Continuous exposure to natural and man‐made chemicals is a major cause of noncommunicable human diseases, including cancer. Accumulated data indicate that an exposure to chemical carcinogens induces a range of genetic and epigenetic events, including alterations in the
deoxyribonucleic acid (DNA)
methylation pattern, which may be associated with cancer development and progression. Accumulated evidence indicates that the response of the DNA methylome to chemical carcinogens, especially lifestyle and food carcinogens, is critical in the carcinogenic process. The better understanding of mechanisms and processes associated with carcinogen‐induced DNA methylation abnormalities may be helpful for carcinogen hazard identification, carcinogen risk assessment and management, and the prevention of cancer.
Key Concepts:
Exposure to natural and man‐made chemicals is a major cause of human cancer.
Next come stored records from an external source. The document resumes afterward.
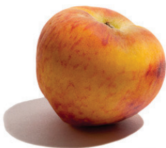
Peach: 1 large peach (about the size of a tennis ball)
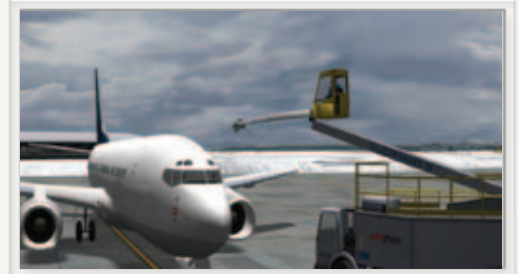
Practice spraying techniques
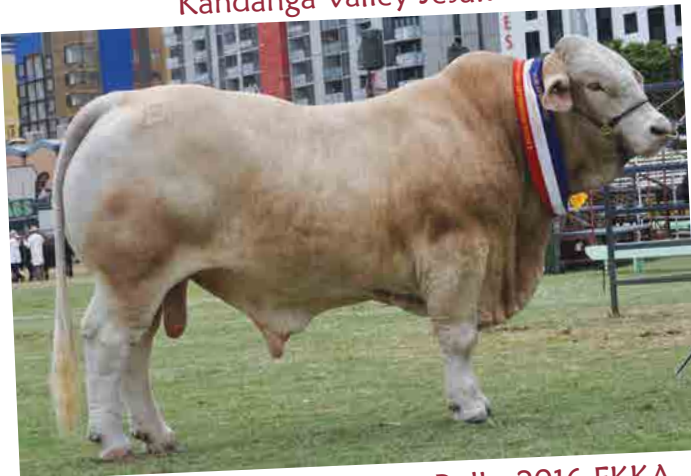
Grand Champion Charbray Bull - 2016 EKKA

Chemical carcinogens induce a range of genetic and epigenetic events, including alterations in the DNA methylation pattern.
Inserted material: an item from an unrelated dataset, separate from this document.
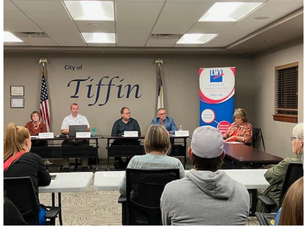
Above Left: Scenes from the Iowa City City Council candidate forum on October 16. Above Right: The Tiffin Mayor and City Council candidate forum on October 23.

Alteration of the DNA methylation status is one of the underlying mechanisms of the carcinogenicity of a number of established environmental and occupational carcinogenic agents.
Carcinogen‐induced DNA methylation changes consist of DNA and repetitive element demethylation, gene‐specific hypermethylation and gene silencing, gene‐specific hypomethylation and activation of gene transcription and altered expression or activity of DNA methyltransferases.
Epigenetic alterations may be used as biomarkers in the evaluation of the carcinogenic potential of chemicals.
The incorporation of epigenetic technologies in cancer risk assessment promises to enhance substantially the efficiency of carcinogenicity testing.